A Matignon, on est conscient d'être entré dans une zone de turbulences. «Le risque avait été clairement identifié dès le départ, assure un conseiller. Qui ajoute : C'est à l'issue de la séquence qu'on pourra véritablement juger de l'impact sur l'opinion. C'est toujours in fine qu'on prend, ou non, les bénéfices.» En début de semaine, Matignon voulait croire que la mobilisation des organisations syndicales et étudiantes dans la rue serait moyenne, le 7 mars, et que la contestation irait ensuite en déclinant. «Dans trois mois, si le CPE donne des résultats, l'opinion se retournera à nouveau», pronostiquait le même proche, qui assurait : «Les soutiens de gauche du Premier ministre ont fondu. Mais dans les sondages, la droite n'est pas entamée.» Exactement le discours des conseillers de Raffarin quand celui-ci a commencé à plonger... Longtemps proche de Balladur, aujourd'hui partisan de Villepin, Georges Tron, député UMP de l'Essonne, estimait lui aussi que rien n'était perdu pour son nouveau poulain : «En 1994, Balladur a connu les mêmes soubresauts avec le smic-jeunes : il a d'abord reculé fortement, avant de terminer l'année plus haut qu'en janvier.»
Balladur ou Raffarin ? Villepin est à la croisée des chemins.
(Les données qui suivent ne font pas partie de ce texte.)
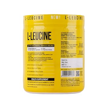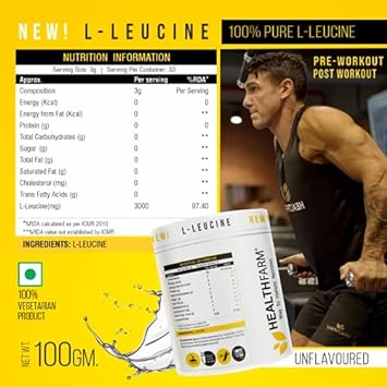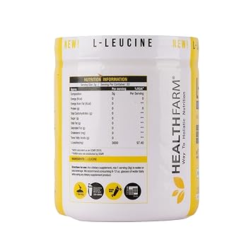 Brand: HEALTHFARM Flavour: Unflavoured Primary Supplement Type: L-Leucine Net Quantity: 1.00 count Item Form: Powder Item Weight: 0.1 Kilograms Item Dimensions: LxWxH 8 x 6 x 4 Centimeters Special Ingredients: Amino Acid Diet Type: Vegetarian Product Benefits: Energy Management About this item: *Muscle-building amino acid *Helps burn fat *Enhance exercise performance *No Sugar, soy, dairy, yeast, gluten and additives *100 Percent pure L-Leucine, no other ingredients

Ou il rebondit comme le premier, qui a un temps fait figure de favori à l'élection présidentielle de 1995. Ou il continue de s'enfoncer comme le second, dont les derniers mois à Matignon ont ressemblé à un chemin de croix. Gaullien malgré tout, Villepin veut croire qu'il a perdu une bataille mais pas la guerre. «L'homme a de la ressource, nous ne l'enterrons pas», assure un partisan de Sarkozy. Encore faudrait-il que le locataire de Matignon change ses manières. «Quand avez-vous eu envie d'entrer en politique?» lui a demandé récemment un interlocuteur. «Je n'en ai jamais eu envie et je n'en ai toujours pas envie», a-t-il répliqué. Il serait temps que Villepin réalise qu'il est entré en politique et que celle-ci comporte quelques règles. Par exemple : quand on est Premier ministre et qu'on ne veut pas se retrouver complètement isolé, il vaut mieux se conduire en chef d'équipe.